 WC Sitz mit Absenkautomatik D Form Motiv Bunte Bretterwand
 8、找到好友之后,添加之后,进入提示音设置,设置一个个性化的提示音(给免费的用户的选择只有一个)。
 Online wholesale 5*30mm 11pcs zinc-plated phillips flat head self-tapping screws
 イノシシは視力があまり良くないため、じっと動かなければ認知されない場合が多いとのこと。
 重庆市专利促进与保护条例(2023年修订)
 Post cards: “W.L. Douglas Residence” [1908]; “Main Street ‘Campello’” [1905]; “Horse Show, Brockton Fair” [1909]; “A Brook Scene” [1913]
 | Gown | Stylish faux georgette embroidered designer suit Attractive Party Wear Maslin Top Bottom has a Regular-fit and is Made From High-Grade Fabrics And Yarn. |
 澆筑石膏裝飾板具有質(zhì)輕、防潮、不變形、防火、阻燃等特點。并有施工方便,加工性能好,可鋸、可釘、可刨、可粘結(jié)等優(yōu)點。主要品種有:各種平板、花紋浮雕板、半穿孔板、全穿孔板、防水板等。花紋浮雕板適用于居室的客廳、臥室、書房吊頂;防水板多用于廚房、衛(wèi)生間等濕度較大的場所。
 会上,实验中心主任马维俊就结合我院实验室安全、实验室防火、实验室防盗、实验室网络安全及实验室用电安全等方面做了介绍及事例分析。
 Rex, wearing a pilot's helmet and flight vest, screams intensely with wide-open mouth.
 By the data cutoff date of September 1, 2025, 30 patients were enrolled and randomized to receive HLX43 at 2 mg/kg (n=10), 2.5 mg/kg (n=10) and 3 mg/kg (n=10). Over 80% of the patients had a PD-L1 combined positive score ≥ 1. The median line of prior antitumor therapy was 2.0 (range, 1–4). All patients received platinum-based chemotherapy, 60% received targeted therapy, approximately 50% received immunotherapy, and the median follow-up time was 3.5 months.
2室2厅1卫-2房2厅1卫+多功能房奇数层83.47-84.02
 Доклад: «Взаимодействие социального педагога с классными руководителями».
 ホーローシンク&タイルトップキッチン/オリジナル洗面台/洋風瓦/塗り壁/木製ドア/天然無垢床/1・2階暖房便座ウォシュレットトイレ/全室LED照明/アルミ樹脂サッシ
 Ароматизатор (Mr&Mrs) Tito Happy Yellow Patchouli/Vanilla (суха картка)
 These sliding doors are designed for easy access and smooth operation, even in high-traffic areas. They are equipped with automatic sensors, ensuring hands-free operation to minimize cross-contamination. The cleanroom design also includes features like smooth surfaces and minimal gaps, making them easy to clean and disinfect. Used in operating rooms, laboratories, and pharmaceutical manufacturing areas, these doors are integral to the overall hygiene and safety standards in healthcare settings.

****************

TO DO: Please copy, exactly and with nothing else, the lines above beginning at the line that has "And Yarn. |" and ending with the line that has "Rex, wearing a".

YOUR SOLUTION:
 | Gown | Stylish faux georgette embroidered designer suit Attractive Party Wear Maslin Top Bottom has a Regular-fit and is Made From High-Grade Fabrics And Yarn. |
 澆筑石膏裝飾板具有質(zhì)輕、防潮、不變形、防火、阻燃等特點。并有施工方便,加工性能好,可鋸、可釘、可刨、可粘結(jié)等優(yōu)點。主要品種有:各種平板、花紋浮雕板、半穿孔板、全穿孔板、防水板等。花紋浮雕板適用于居室的客廳、臥室、書房吊頂;防水板多用于廚房、衛(wèi)生間等濕度較大的場所。
 会上,实验中心主任马维俊就结合我院实验室安全、实验室防火、实验室防盗、实验室网络安全及实验室用电安全等方面做了介绍及事例分析。
 Rex, wearing a pilot's helmet and flight vest, screams intensely with wide-open mouth.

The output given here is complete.